### TASK ITEM:
Please copy, exactly as they appear below, the lines from the one containing "Prior to the" through the one containing "En suma, conforme".

### LISTED RECORDS:
________________________

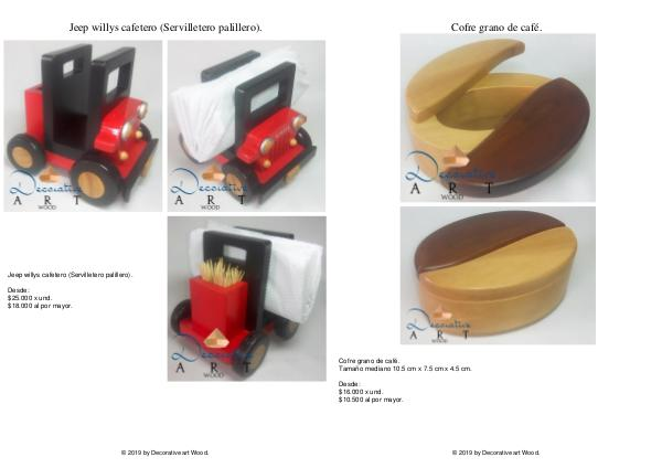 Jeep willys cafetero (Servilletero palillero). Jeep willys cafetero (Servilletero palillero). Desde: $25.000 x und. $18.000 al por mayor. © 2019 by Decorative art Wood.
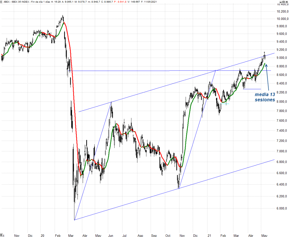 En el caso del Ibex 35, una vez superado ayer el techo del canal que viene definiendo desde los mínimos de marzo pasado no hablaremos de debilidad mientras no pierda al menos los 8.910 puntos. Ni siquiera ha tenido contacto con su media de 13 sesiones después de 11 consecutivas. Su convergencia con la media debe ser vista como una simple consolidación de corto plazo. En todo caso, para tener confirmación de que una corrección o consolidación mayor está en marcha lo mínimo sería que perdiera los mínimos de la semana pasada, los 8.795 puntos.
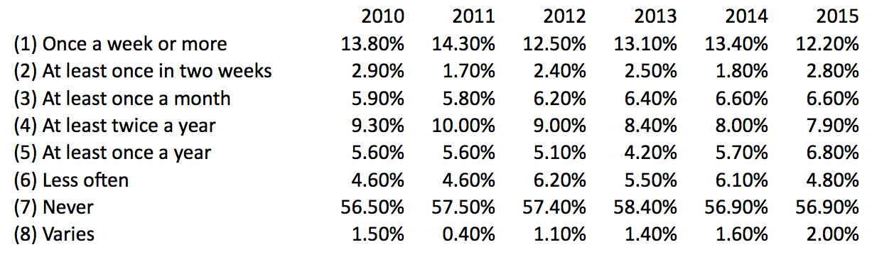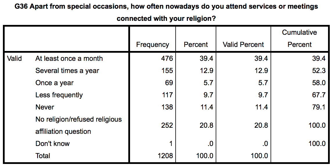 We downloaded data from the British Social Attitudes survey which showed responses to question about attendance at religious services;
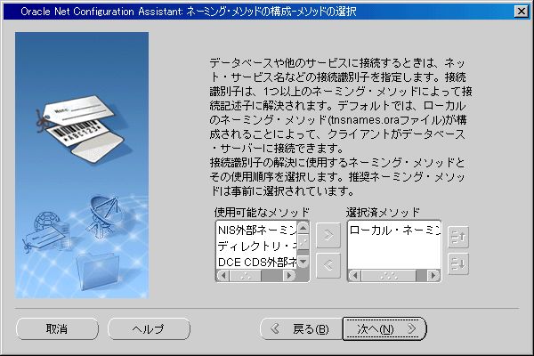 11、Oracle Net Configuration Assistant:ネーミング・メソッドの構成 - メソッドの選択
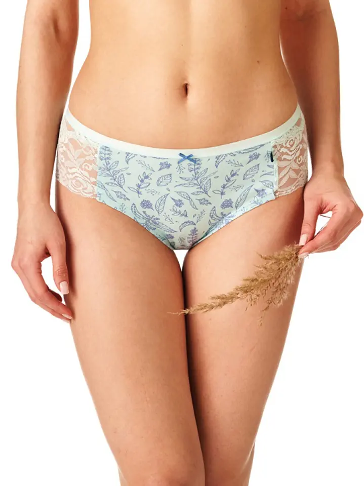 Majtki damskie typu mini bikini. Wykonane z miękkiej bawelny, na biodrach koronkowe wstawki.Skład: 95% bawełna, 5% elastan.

________________________

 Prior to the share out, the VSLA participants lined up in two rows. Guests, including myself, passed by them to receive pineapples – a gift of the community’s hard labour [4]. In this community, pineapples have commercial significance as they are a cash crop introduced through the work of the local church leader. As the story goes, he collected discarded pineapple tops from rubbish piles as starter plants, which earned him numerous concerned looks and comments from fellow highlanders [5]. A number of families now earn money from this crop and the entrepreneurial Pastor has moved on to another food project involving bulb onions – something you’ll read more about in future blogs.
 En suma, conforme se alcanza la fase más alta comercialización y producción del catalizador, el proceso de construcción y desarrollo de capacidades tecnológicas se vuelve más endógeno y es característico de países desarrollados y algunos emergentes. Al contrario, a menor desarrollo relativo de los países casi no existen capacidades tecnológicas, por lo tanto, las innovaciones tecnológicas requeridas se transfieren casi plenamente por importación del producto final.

________________________

### RESULT FOR THIS EXERCISE:
 Prior to the share out, the VSLA participants lined up in two rows. Guests, including myself, passed by them to receive pineapples – a gift of the community’s hard labour [4]. In this community, pineapples have commercial significance as they are a cash crop introduced through the work of the local church leader. As the story goes, he collected discarded pineapple tops from rubbish piles as starter plants, which earned him numerous concerned looks and comments from fellow highlanders [5]. A number of families now earn money from this crop and the entrepreneurial Pastor has moved on to another food project involving bulb onions – something you’ll read more about in future blogs.
 En suma, conforme se alcanza la fase más alta comercialización y producción del catalizador, el proceso de construcción y desarrollo de capacidades tecnológicas se vuelve más endógeno y es característico de países desarrollados y algunos emergentes. Al contrario, a menor desarrollo relativo de los países casi no existen capacidades tecnológicas, por lo tanto, las innovaciones tecnológicas requeridas se transfieren casi plenamente por importación del producto final.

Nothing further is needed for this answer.